Institut de Recherche pour le Développement (IRD), UMR216, Mère et Enfant Face aux Infections Tropicales, Paris, France.
Am J Trop Med Hyg. 2011 Feb;84(2):270-5. doi: 10.4269/ajtmh.2011.10-0319.
The efficiency of malaria prevention during pregnancy was compared between three studies in Benin for malaria infection of the placenta (MIP) and low birth weight (LBW). The first was carried out when chloroquine prophylaxis was still recommended, the second was an intermittent preventive treatment in pregnancy (IPTp) clinical trial comparing sulfadoxine pyrimetamine (SP) versus mefloquine, and the third was an observational study after SP-IPTp national implementation. We showed an association between the use of IPTp and the reduction of LBW (10% with national IPTp and 8.7% in IPTp trial versus 15.7% in pre-trial study). The effect on MIP was better in the trial (2.9% versus 11.2% and 16.7% for national IPTp and pre-trial studies, respectively). In spite of a good overall compliance with the national IPTp (with 84% of women taking at least one dose of SP), there are still failures in adherence to the directly observed therapy (DOT) scheme and needs for better training of health staff.

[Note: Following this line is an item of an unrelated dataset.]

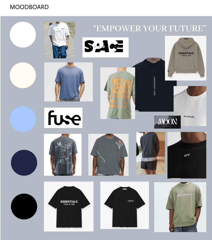 After creating this persona, I was able to understand what other brands they would wear, so I started to draw some inspiration on it. Below, you can see the mood board I created. I decided on this certain color pallet because I felt these colors were timeless and not overwhelming which played into my design ideas of wanting to make something simple yet sleek.

本研究比较了贝宁的三项研究在预防孕妇疟疾方面的效率,以评估胎盘疟疾感染(MIP)和低出生体重(LBW)的预防效果。第一项研究是在氯喹预防仍被推荐使用时进行的,第二项是比较磺胺多辛-乙胺嘧啶(SP)与甲氟喹的间歇性预防治疗在妊娠期间的临床试验(IPTp),第三项是 SP-IPTp 国家实施后的观察性研究。我们发现 IPTp 的使用与 LBW 减少之间存在关联(全国性 IPTp 组为 10%,IPTp 试验组为 8.7%,而预试验组为 15.7%)。试验中 MIP 的效果更好(全国性 IPTp 组为 2.9%,预试验组为 11.2%和 16.7%)。尽管全国性 IPTp 的总体依从性良好(84%的妇女至少接受了一次 SP 治疗),但在直接观察治疗(DOT)方案的依从性方面仍存在失败,需要更好地培训卫生工作人员。